Die Kinder in Deutschland sollten mithilfe des Lehrers erfahren, warum der geniale Schöpfer der deutschen Sprache, Martin Luther, gegen Ende seines Lebens immer fanatischer ein Judenfresser geworden ist. Und ich möchte, dass die Kinder lernen, was die viel jüngere Religion der Muslime bedeutet, was sie verbindet und was sie trennt von Juden, Protestanten und Katholiken. In der christlich-jüdischen Tradition steckt in den Urtexten genauso grauenhafte Barbarei wie im Islam, nicht etwa nur die mörderische Frauenfeindlichkeit. Der Hauptunterschied: Die Christen hatten Voltaire und Kant, die Juden Moses Mendelssohn. Toleranz kann nur aus Kenntnissen kommen. Die sanfte Gewalt der Vernunft muss den brutalen Glauben entblöden. Die Kinder sollen auf diese Weise Respekt entwickeln, sie sollen den menschlichen guten Kern würdigen können, der rational in jeder Religionsauffassung steckt.
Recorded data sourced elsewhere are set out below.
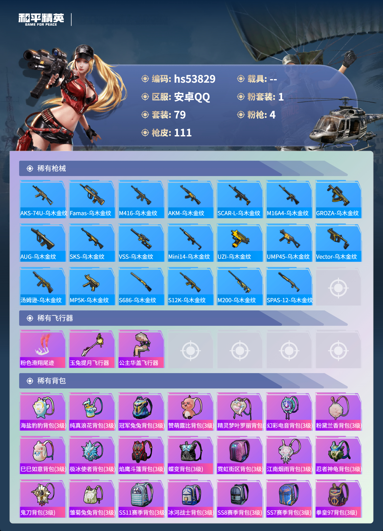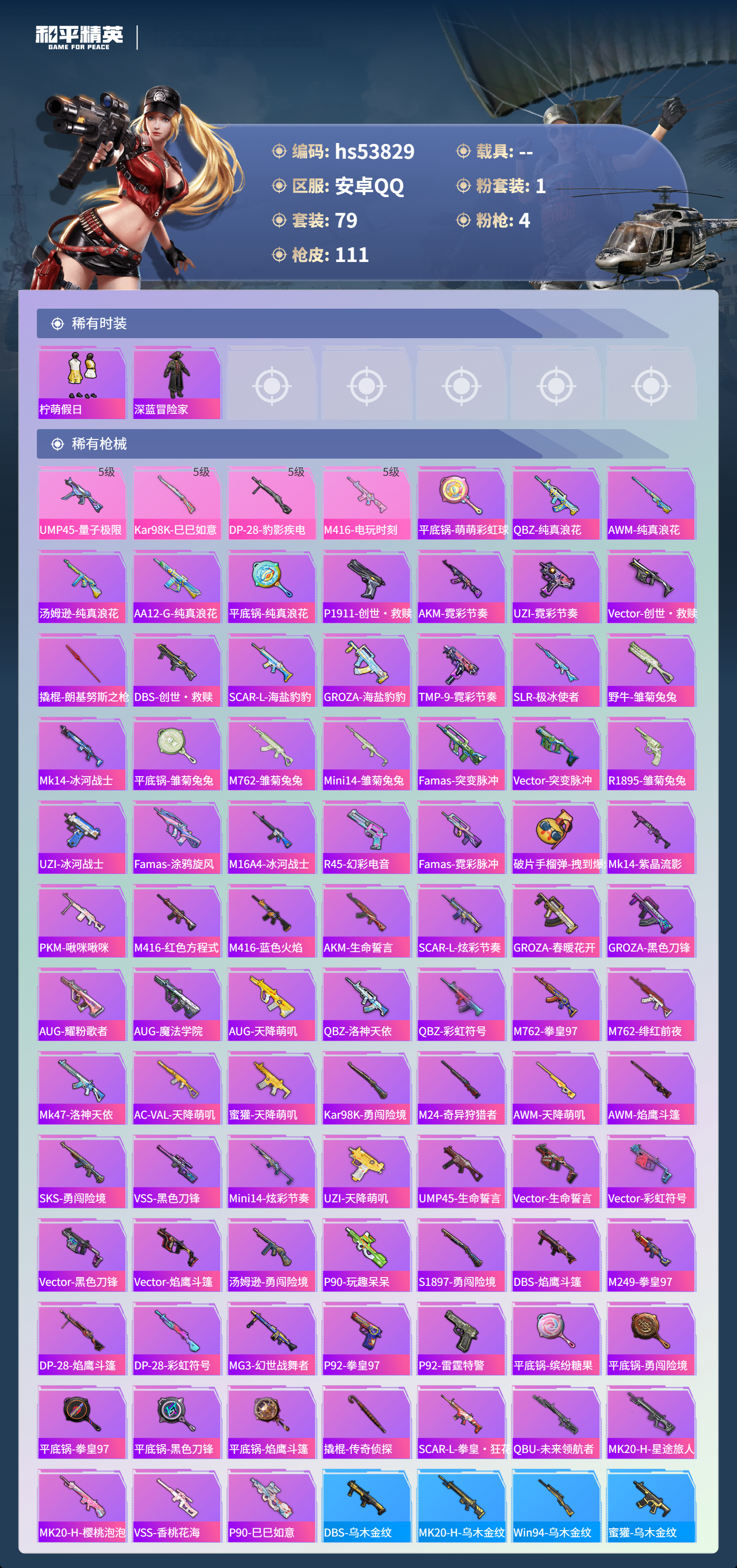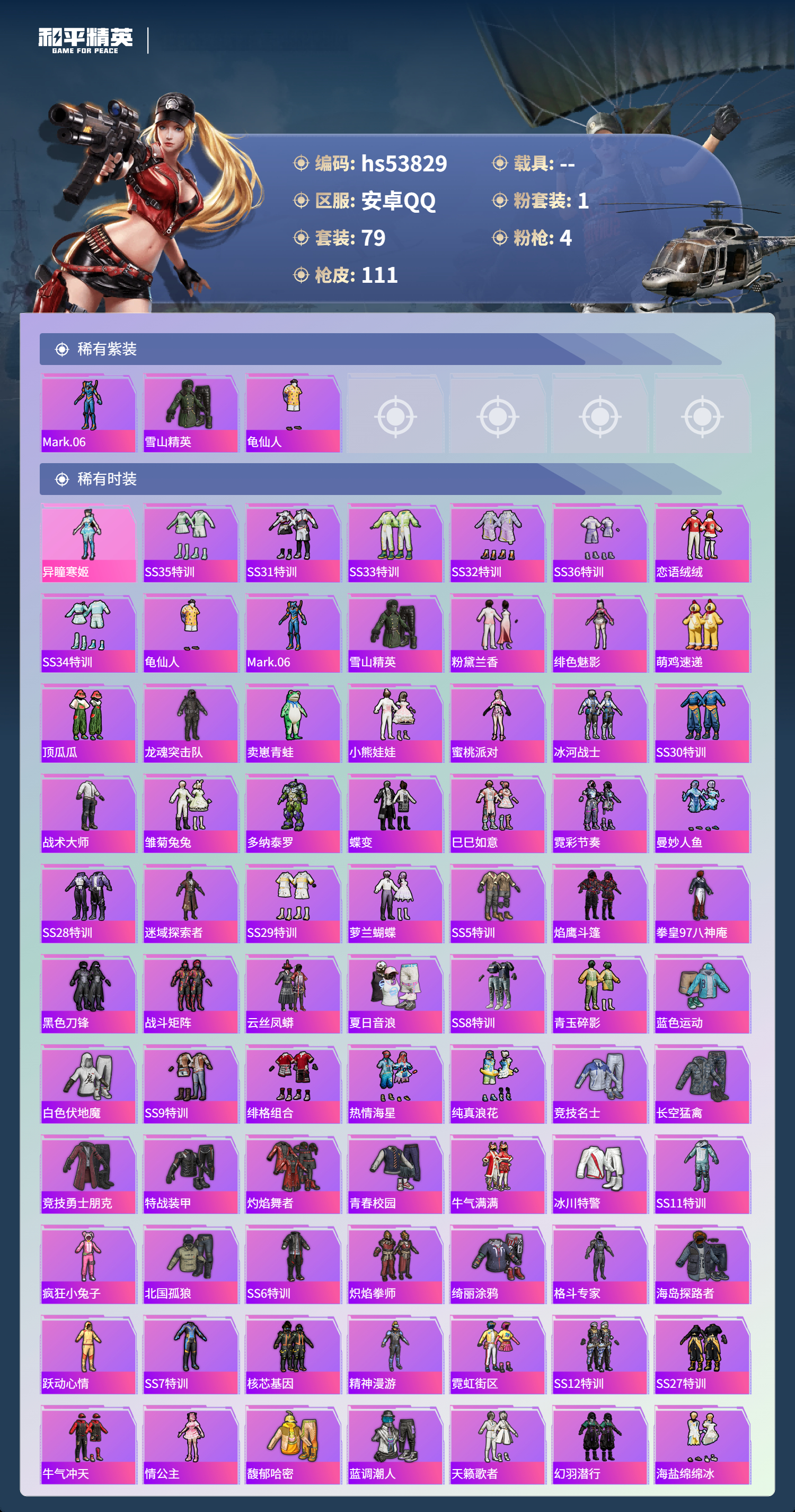 hs53829 安卓手q-5王牌印记-1粉装-4特效呛-31934热力值-79套装-111呛皮-1卓越印记【1粉装】角色-异瞳寒姬【4特效呛】dp-28-豹影疾电/5级m416-电玩时刻/5级ump45-量子极限/5级kar98k-巳巳如意/5级【3稀有紫装】mark.06雪山精英龟仙人【79稀有时装】异瞳寒姬ss35特训ss31特训ss33特训ss32特训ss36特训
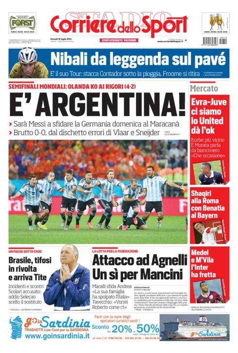 CORRIERE ARGENTINA – Sul Corriere dello Sport si parla dell’Argentina che vola in finale dopo la lotteria dei rigori contro l’Olanda.
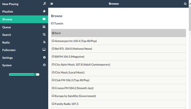 Via deze webinterface bestuur je nu Pi MusicBox vanaf je pc, smartphone of tablet. Internetradiozenders en podcasts kun je al onmiddellijk beluisteren. Klik daarvoor links op Browse, en dan op TuneIn of Dirble voor internetradio of op Podcasts als je een podcast wilt beluisteren. Daaronder vind je nog allerlei categorieën, bijvoorbeeld voor muziekgenres of onderwerpen. Klik op een radiostation of aflevering van een podcast om hem op je MusicBox af te spelen. Klik op Back om terug naar de vorige map te gaan.
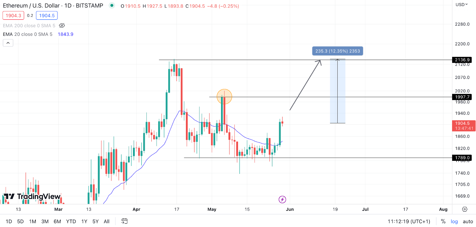 Currently, $ETH is trading just above the vital $1,900 level – the first time this level has been broken since early May.
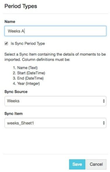 The moments within a period type linked to a sync item can only be edited by re-syncing the item.
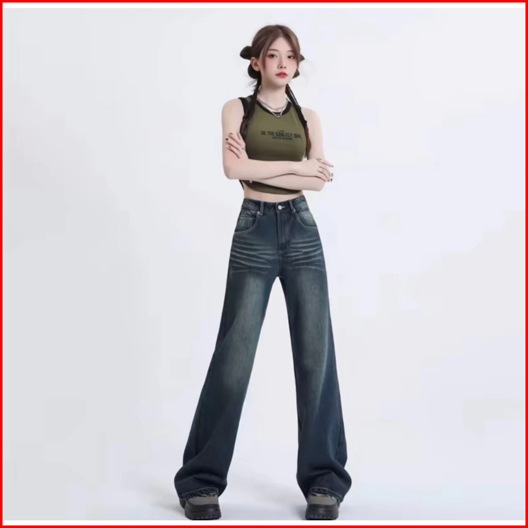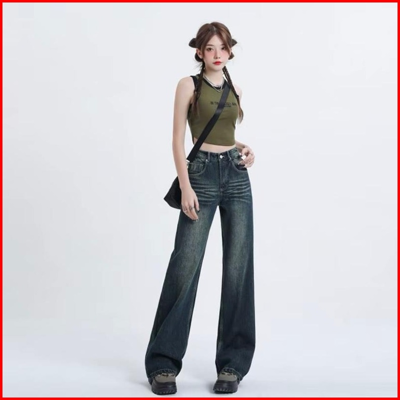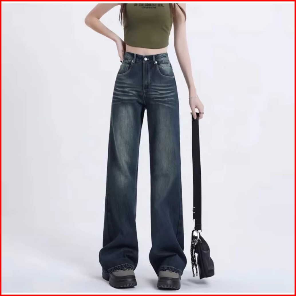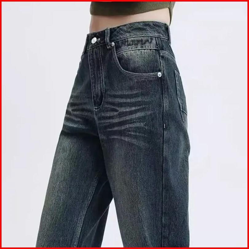 Celana Highwaist Kulot Jeans Loose Wanita Skena Baggy Jeans Gombrong Retro High Waist Unisex Korean

Diese humane Substanz aller Religionen müssen die jungen Leute kennen und anerkennen, schon damit sie im Streit der Welt Partei ergreifen können, wenn im Namen irgendeiner Religion radikale Machtmenschen fromm heucheln, frech lügen oder Andersdenkende unterdrücken, foltern und abschlachten.

Egal, in welcher Kultur sie erzogen werden, die Schüler sollen durchschauen können, dass jemand, der im Namen seiner Religion mordet, ein Mörder ist: auch gemessen an den Normen seiner eigenen Religion. Die Ethik ist der gemeinsame große Nenner aller moralischen Rechenarten. Also ist die momentane Streitfrage Ethikunterricht oder Religionsunterricht an Schulen irreführend, eine ideologische Scheinfrage. Und wenn ein Ethiklehrer genügend Witz und gute Laune hat, dann könnte er nach der systematischen Darstellung aller relevanten Religionen auch noch eine Stunde extra liefern: etwa die gescheiterte Religion des Kommunismus. Erst im real existierenden Sozialismus der DDR konnte ich begreifen, dass unser Kommunismusglaube das falsche Hoffen auf ein irdisches Paradies ist. Anders gesagt: Erst im kommunistischen Tierversuch an lebendigen Menschen konnten wir erkennen, dass die kindische Illusion einer Idylle des ewigen Friedens und die totalitäre Utopie einer Endlösung der sozialen Frage ein blutiger Irrweg ist.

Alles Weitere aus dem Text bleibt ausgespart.